Un hombre quería comprar una piedra preciosa para su esposa. Visitó a un joyero que sabía cómo exhibir su mercancía. Se detuvo bajo una luz brillante, deslizó un trozo de terciopelo negro sobre el mostrador de vidrio, sacó las gemas del estuche y las colocó una por una sobre el terciopelo. Sin ese fondo negro, no podría haber visto el corte, los tonos o la belleza de cada gema. "Aprendí algo de su búsqueda de esa joya: no podemos apreciar la belleza, el brillo y el brillo del evangelio de Cristo, con toda su esperanza y gracia, si nunca hemos visto el telón de fondo del pecado como realmente es ".

 

Cuando Copérnico, el gran astrónomo, se estaba muriendo, una copia de su gran libro, La revolución de los cuerpos celestes, fue puesta en sus manos. Pero no era su brillante trabajo lo que estaba en su mente.

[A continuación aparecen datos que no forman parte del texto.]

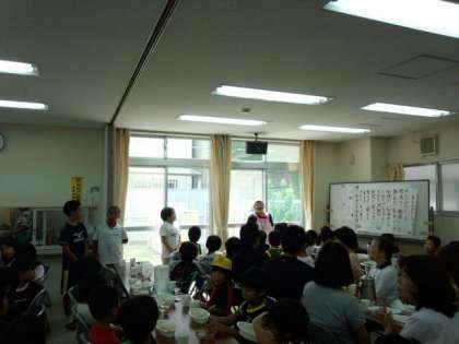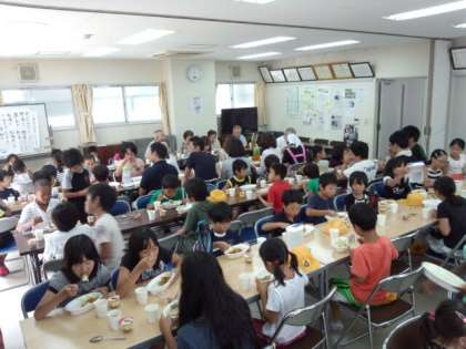 子どもたちが一緒にカレーを食べながら交流する「ふれあい」食事会です

En su lugar, ordenó que se pusiera el siguiente epitafio en su tumba en Frauenburg: "Oh Señor, la fe que le diste a San Pablo, no puedo pedir; la misericordia que le mostraste a San Pedro, no me atrevo a pedir; pero Señor , la gracia que le mostraste al ladrón moribundo que, Señor, muéstrame ". No hay nadie que no pueda venir a Dios bajo esos términos.

 

Para que, como está escrito: El que se gloría, gloríese en el Señor. (1 Corintios 1:31)

 

Había una ley en Tokio alrededor del año 1900 y era que ningún extranjero podía residir allí a menos que tuviera un "sustituto". Hubo nativos que se contrataron para este propósito. Si el extranjero violó alguna ley, el sustituto sufrió la pena por ello, incluso si la pena fuera la muerte. De manera similar, nuestra posición ante Dios y su ley solo se puede obtener a través del trabajo sustitutivo de su Hijo. Y este trabajo sustitutivo se obtiene sin ningún costo, solo fe en él. Del sermón de James M. Gray, "Cristo, nuestro portador del pecado";

 

¿Dónde, pues, está la jactancia? Queda excluida. ¿Por cuál ley? ¿Por la de las obras? No, sino por la ley de la fe. (Romanos 3:27)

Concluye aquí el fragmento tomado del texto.